Шелдон дышал часто, рвано, кажется, пьянел и медленно сходил с ума. Если в начале пути прежняя безмятежность лишь немного всколыхнулась беспокойством, то затем, с каждой минутой, все сильнее Шелдон менялся, терял себя прежнего. Дрогнули губы, медленно поднимали кончики до тех пор, пока улыбаться ни стало больно. Улыбка на лице Шелдона захрясла, чудаковатая, неестественная и больше похожая на оскал. Белоснежные зубы, на удивление, не испортившиеся за месяцы жизни в доме Уайтхеда, зловеще блестели за покрасневшими обкусанными губами. Затем тронулись пальцы, вцепились в руль до побелевших костяшек. И только глаза держались дольше всех. Шелдон сдерживался, искал впереди точку, на которой мог сосредоточиться, но видеть тьму, и огонь страха, животного страха, все же подобрался к нему. Лэмб переменился и уже с трудом понимал, что происходило, и просто ехал.
Дорога в лесу пустая, темная и тихая, мертвая.
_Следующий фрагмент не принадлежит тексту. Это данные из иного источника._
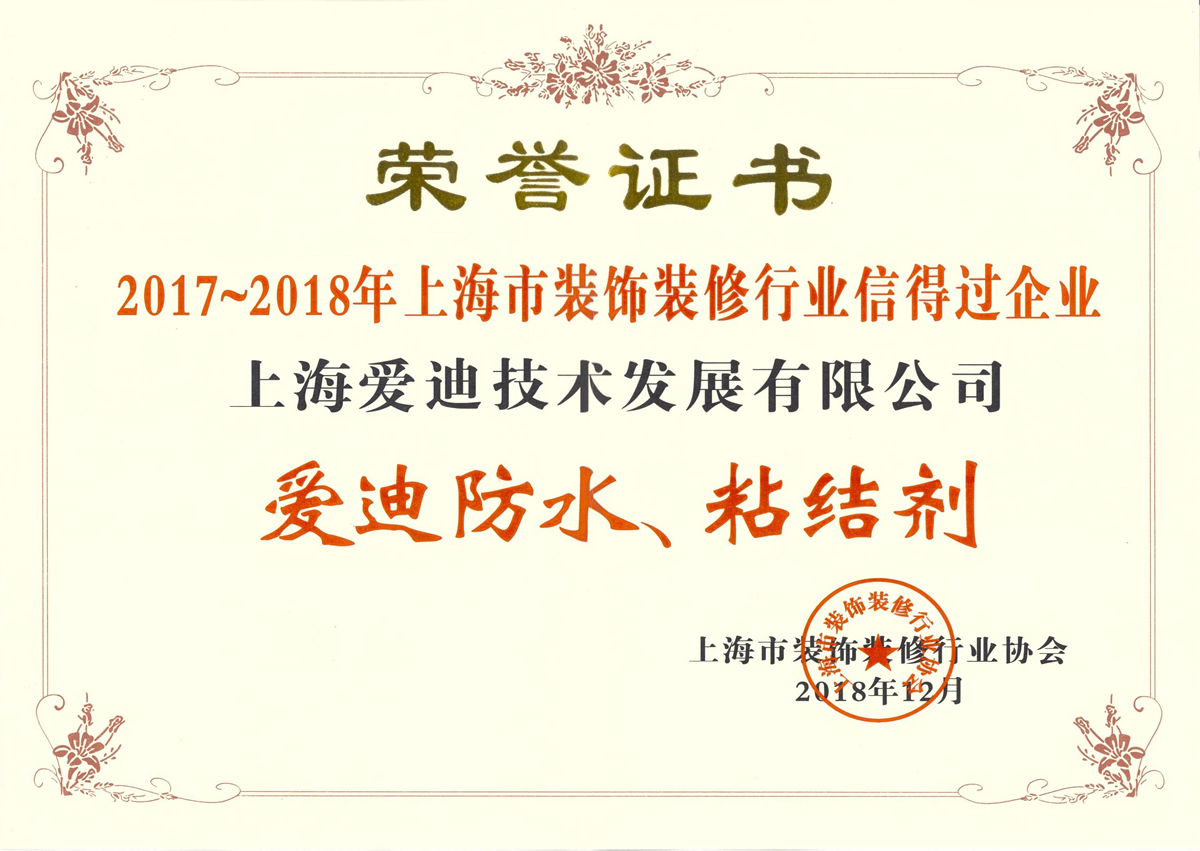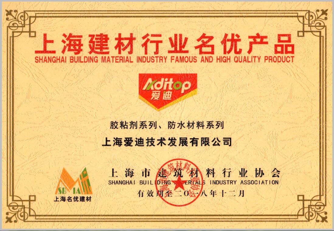 上海建材行業(yè)名優(yōu)產(chǎn)品(膠粘劑系列、防水材料系列)

Деревья кронами достигали беззвездного неба и были едва различимы. Вокруг только мрак. Воздух липкий, холодный. Застывшие в нем капли дождя и льдинки царапали.
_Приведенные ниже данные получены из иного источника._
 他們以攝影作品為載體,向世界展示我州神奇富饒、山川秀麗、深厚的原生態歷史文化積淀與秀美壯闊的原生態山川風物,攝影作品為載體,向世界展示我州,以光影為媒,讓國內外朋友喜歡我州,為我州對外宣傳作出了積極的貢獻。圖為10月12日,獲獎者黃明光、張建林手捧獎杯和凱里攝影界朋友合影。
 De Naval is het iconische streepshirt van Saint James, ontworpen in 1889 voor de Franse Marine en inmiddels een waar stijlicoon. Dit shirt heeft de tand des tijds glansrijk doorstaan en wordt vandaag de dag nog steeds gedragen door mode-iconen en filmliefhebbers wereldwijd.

Страх подчинял. Джим вздрагивал каждый раз, когда ветер касался его и жмурился. Сил не осталось. Удивительно, что он вообще дошел до места встречи в сырость. Лиза стеклянным взглядом пыталась разогнать тьму, но не видела ничего. Она застыла, замолчала и впала в сон наяву. Сабрина словно таяла, становилась все тоньше и дышала все реже. Ее, казалось, вовсе и не было.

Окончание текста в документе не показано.